If I built an application to visualize this result and refreshed it every second, I would spend $40,340.16/day on Tinybird’s Pro-plan. 😳
How do we fix it?
Whether you’re a data engineer or not, there are some fundamental rules you can follow to not only spend significantly less but also improve the performance of your queries. We’ve described them in detail in one of our guides, and I’ll list them here:
- Rule № 1 ⟶ The best data is the data you don’t write.
- Rule № 2 ⟶ The second best data is the data you don’t read.
- Rule № 3 ⟶ Sequential reads are 100x faster.
- Rule № 4 ⟶ The less data you process after reading, the better.
- Rule № 5 ⟶ Do complex operations later in the processing pipeline.
My original query breaks all five of these rules. Whoops. So here’s how I fixed it:
Filter first, join later
The first and simplest fix is to apply filters first and do the join later. By doing so, I speed up my query by following rule 1. Instead of writing a massive join to memory, I’m filtering first, so that subsequent results are smaller.
While that speed boost should deliver a better frontend UX, I still have a problem: The amount of data I read to complete the query hasn’t changed. I’m still spending roughly the equivalent of a 2021 Tesla Model Y every day.
What to do? Let’s take a look at the schema.
Indices and data types
If you peek at the schema, you’ll see a few problems.
First, I’m using expensive String
data types where a LowCardinality(String)
is more appropriate, because columns like event
, device_OS
, and device_browser
have only a limited number of options. We can grab back some memory just by assigning appropriate data types.
Second, my sorting keys are incomplete based on the filters I’m trying to apply.
Because I’m filtering on event
and datetime
columns, I should add them to the sorting keys.
By making these changes to the schema of my data source, I’m following rules 2 and 3: Reading less data - and sequential data - to filter, since now my filters are applied to indexed columns.
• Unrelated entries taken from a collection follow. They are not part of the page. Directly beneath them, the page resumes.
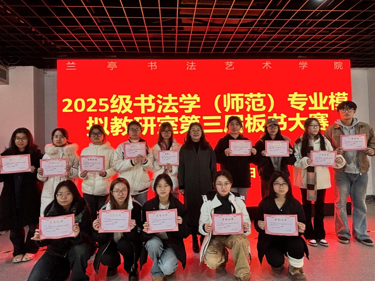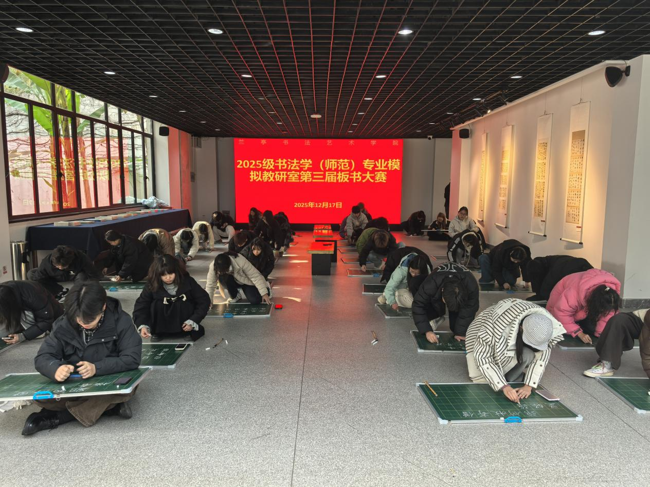 为切实夯实师范生专业基础,全面提升板书书写技能,搭建起以赛促练、以展促学的优质实践平台,12月17日,兰亭书法艺术学院精心筹备并成功举办了2025级师范生板书大赛。此次大赛紧密聚焦书法艺术在课堂实践中的有效运用,致力于着力提升学生的板书设计与书写能力,为师范生未来的教学工作筑牢根基。
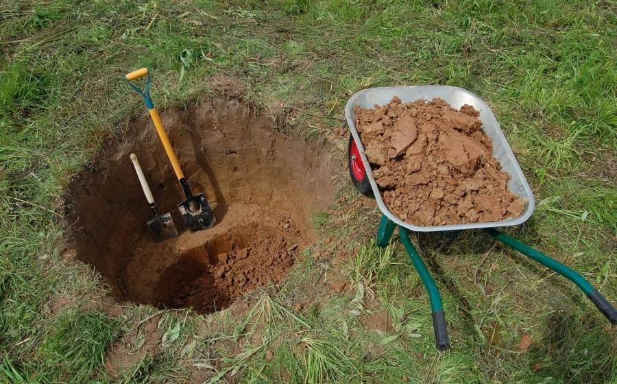- Проектирование, выбор места, рытье котлована в соответствии с объемами конструкции, засыпка слоя песка толщиной в 20 сантиметров, трамбовка.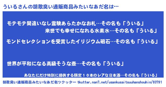 | ヘコむあだ名 | 『ういにゅー』『ういる(笑)』 |

Just making these simple changes has massive implications on cost, because now instead of reading every row in the table, the query can target the granules in the table that fit within my event
and datetime
filters.
The resulting query now reads only 76 MB in less than 400 ms, I’ve cut costs by 100X to just $400 a day, and I’ve given the frontend UX a nice boost with a much lower response latency.
Materialized views: the ace up our sleeve
So I’ve just saved $39,600 and it’d be easy to call it a day. But there’s one more thing I can do to squeeze as much as I can out of this query.
In Tinybird, materialized views can easily be created using Pipes. Instead of terminating a Pipe in an API endpoint, you can materialize the results, and reap the benefits later. Materialized views update on ingestion in Tinybird, so they’re always up to date.
The best part? There’s no processing cost to incrementally update the materialized views, and the storage cost is negligible (in this case less than one-thousandth of a cent).
To improve query performance even more, I’ll materialize the join and aggregation first. Instead of calling the result below through an API endpoint, I materialize it into a new data source called join_data_mv.
Now, I can query that materialized view instead of the original data source:
The final result scans only 333 kB in about 1 ms.
I got the same result as my first query, but with a blazing fast frontend and a bill of just $18/day.
Obviously, compared to the reduction that I got in our third optimization, from $40K to $400, this might seem like only an incremental gain. But this isn’t just about what I saved on this query. It’s about what I’ll save on this query and every query I build after it. By implementing simple best practices, and using materialized views, I can not only justify my value as a data practitioner but also have a real shot at generating a meaningful ROI from this analysis.
Do this enough, and maybe your company will just go ahead and buy you a Tesla to say thanks.